The most recent wave of migration in 2021 was confirmed by the number of detentions of Ecuadorians at the U.S.-Mexico border. According to U.S. Customs and Border Protection data, 2021 detentions increased from 5,579 in March to 17,611 in August.

By the end of last year, the fact that there was a surge of migrants from Ecuador to the United States was no longer a remarkable event. What was remarkable was that many of them had disappeared.

The project was edited by Eileen Truax, a Barcelona-based author and journalist renowned for her immigration reporting who worked with the binational team for months as they investigated  and wrote the project.

Since InquireFirst published the project in November 2022, media organizations in Ecuador, Mexico and the United States have collaborated with us to republish the project.  In addition to El Mercurio and La Verdad Juarez, other media organizations that have published our project are Pie de Pagina, Chiapas Paralelo, ElMuroMX, and Zona Docs in Mexico.  Also publishing our project was El Paso Matters in El Paso, Texas.

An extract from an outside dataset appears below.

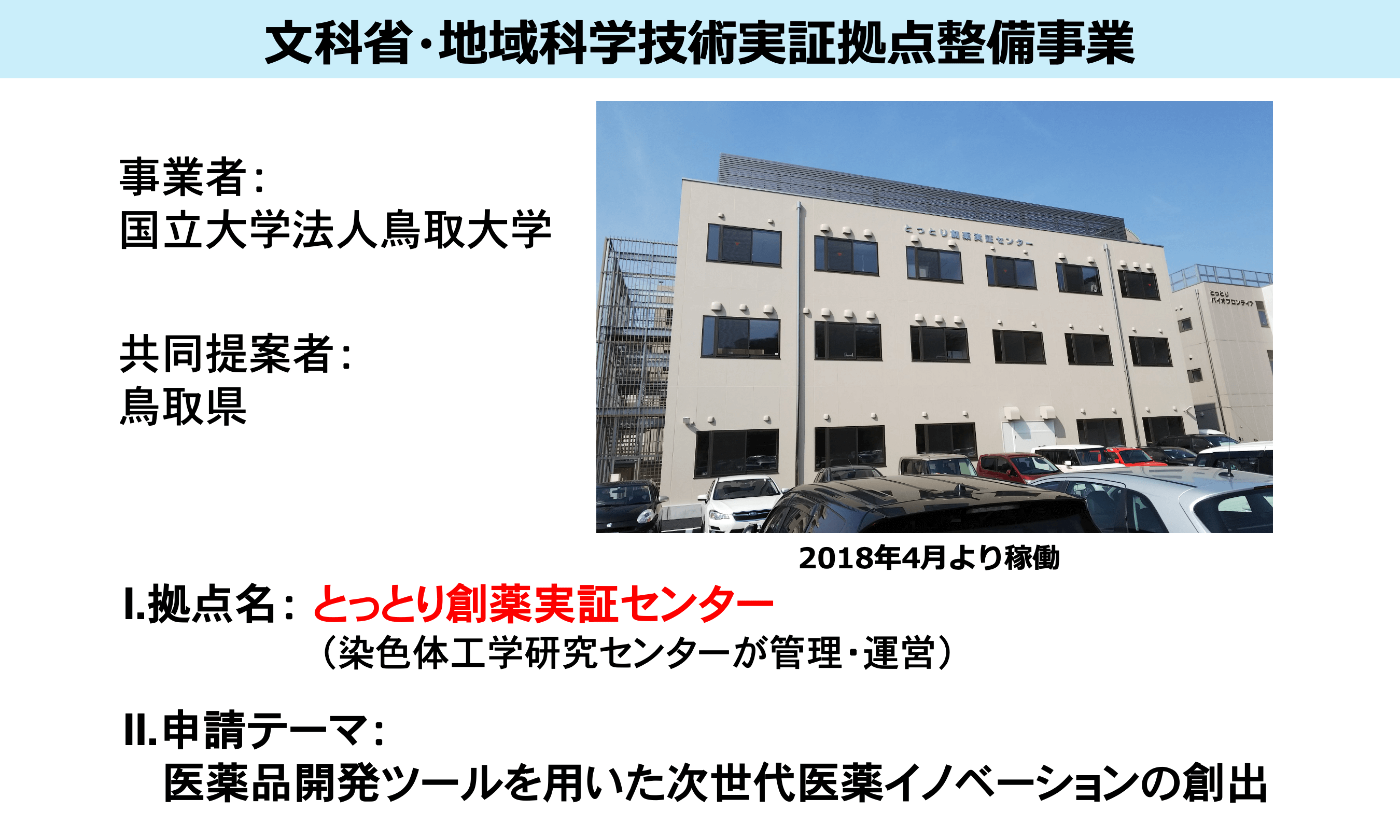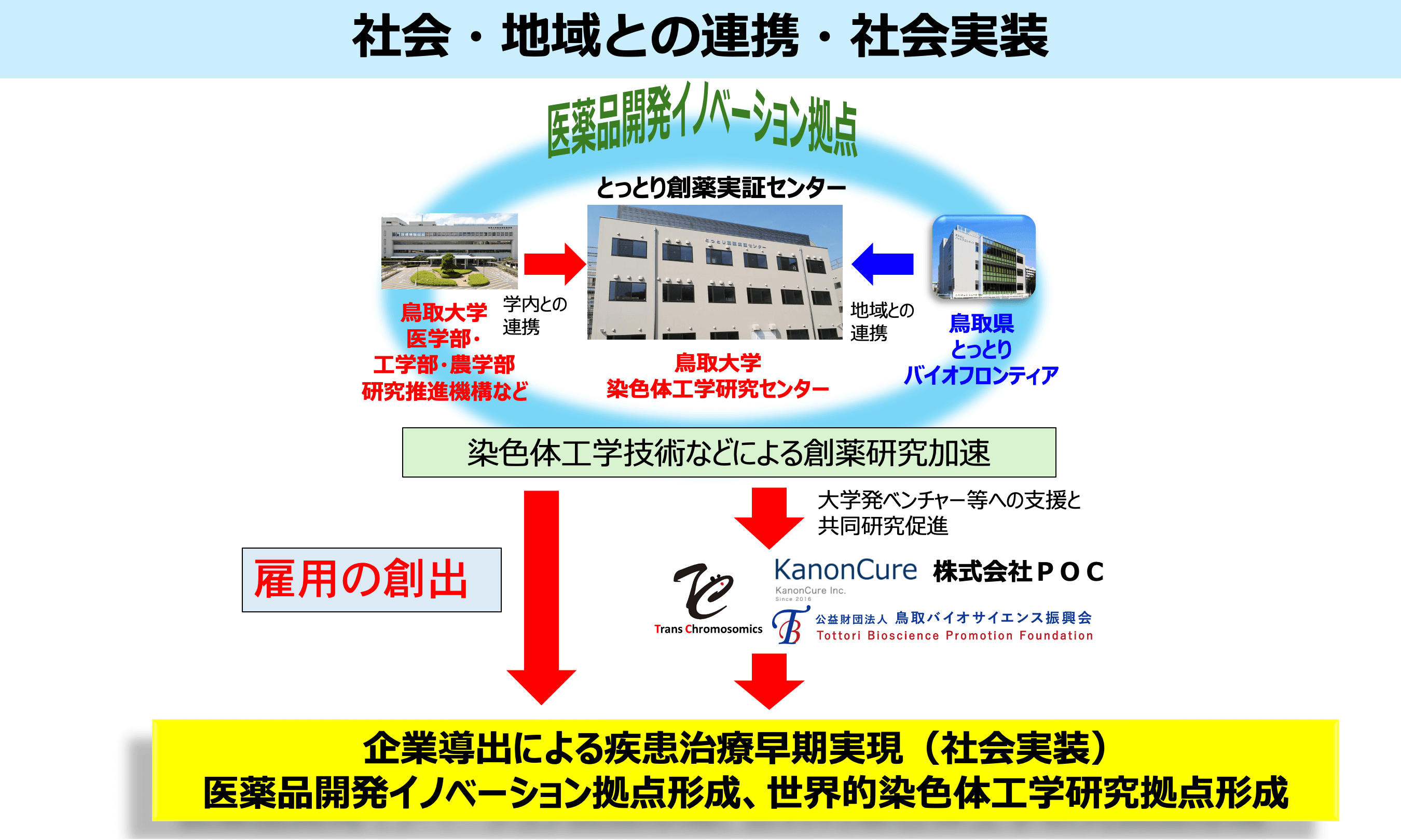 鳥取県と鳥取大学においては、これまでの連携協力を踏まえて、平成22年鳥取県経済成長戦略及び平成25年鳥取県経済再生成長戦略に基づき、医療イノベーション(創薬)分野において、染色体工学技術などを技術シーズとして、上述の産学官連携による「とっとりバイオフロンティア」を鳥取県が支援し、連携協力により研究開発力の集積、シーズを活用する企業等との連携ネットワークの形成等を図ってきました。今後も、鳥取県「令和の改新」県民会議と鳥取大学「地域未来共創センター」が取り組む地域課題解決ワーキンググループと連携しながら、特に医療・ヘルスケア分野での役割の一部を本拠点が担っていきます。

This project is one of a series of immigration projects that InquireFirst is supporting in Latin America.  In July, the national television network TeleDos in El Salvador aired a three-part series supported by InquireFirst on the impact of migration from that country.

In 2023, InquireFirst will be supporting an immigration-focused podcast by a radio reporter in Huehuetenango, Guatemala.